Cut the vanilla bean lengthwise and remove the internal seeds with the tip of a knife.

Collect the cream and sugar in a saucepan, mix with a whisk and add the seeds of the vanilla bean, mix more and put on the fire.

Also add the vanilla bean and let it cook until the mixture becomes very hot and on the edge of the boil, then turn off the heat and remove the bean.

Squeeze out the now soft gelatin sheet.

Immediately dip the gelatin sheet in the hot cream and mix until completely dissolved.

Run the molds under running water, drain and let them moist. Then place them on a rigid support such as a tray or cutting board.
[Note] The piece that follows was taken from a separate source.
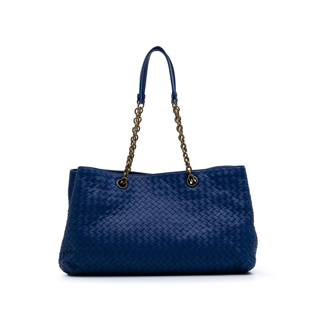 This tote bag features a woven nappa leather body, chain link straps with leather guard, an open top with magnetic snap closure, an interior zip compartment, and interior zip and slip pockets.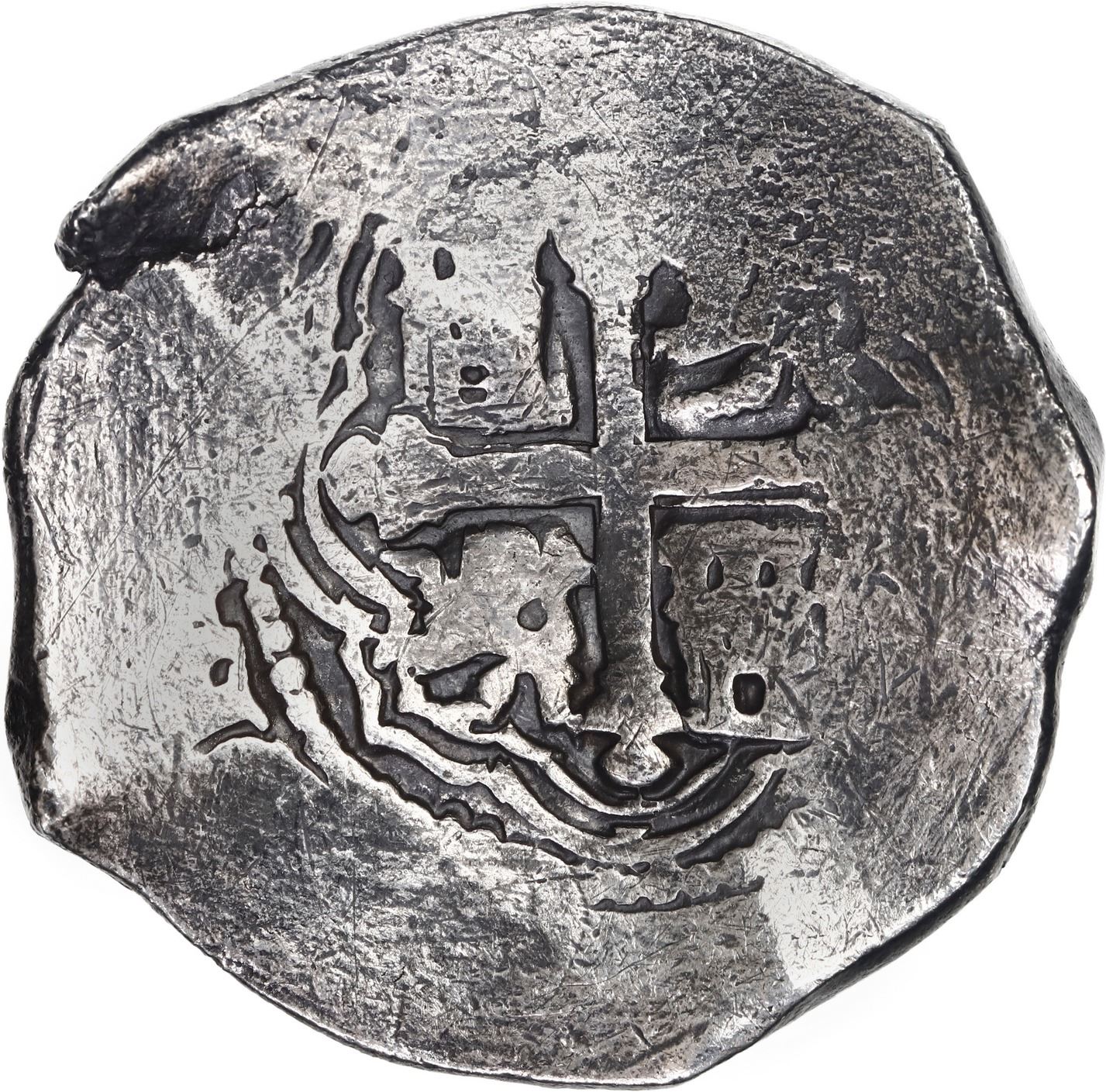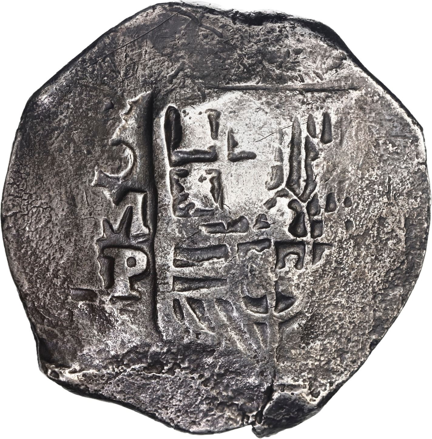 MEXICO, Mexico City, cob 8 reales, Philip IV, assayer P. S-M19; KM-45; Cal-Type 319. 25.85 grams. Broad flan with flat peripheries due to uneven thickness, very bold full oMP, full cross and most of shield, minimal surface corrosion, lightly toned. With original certificate from Captain Tracy Bowden through his contract with the Dominican Republic. Recovered from: Concepción, sunk in 1641 off Hispaniola

Distribute the panna cotta inside the molds, reaching the brim. Transfer to the refrigerator and let it rest for at least 6 hours.

After the resting time has elapsed, pass the blade of a pointed knife over the edges of the molds and remove the panna cotta.

If necessary, quickly immerse the molds in hot water, to make it easier to remove panna cotta from the molds, and put each panna cotta upside down on a dessert plate.

Top the panna cotta with the syrup and sprigs of currant, then serve and enjoy.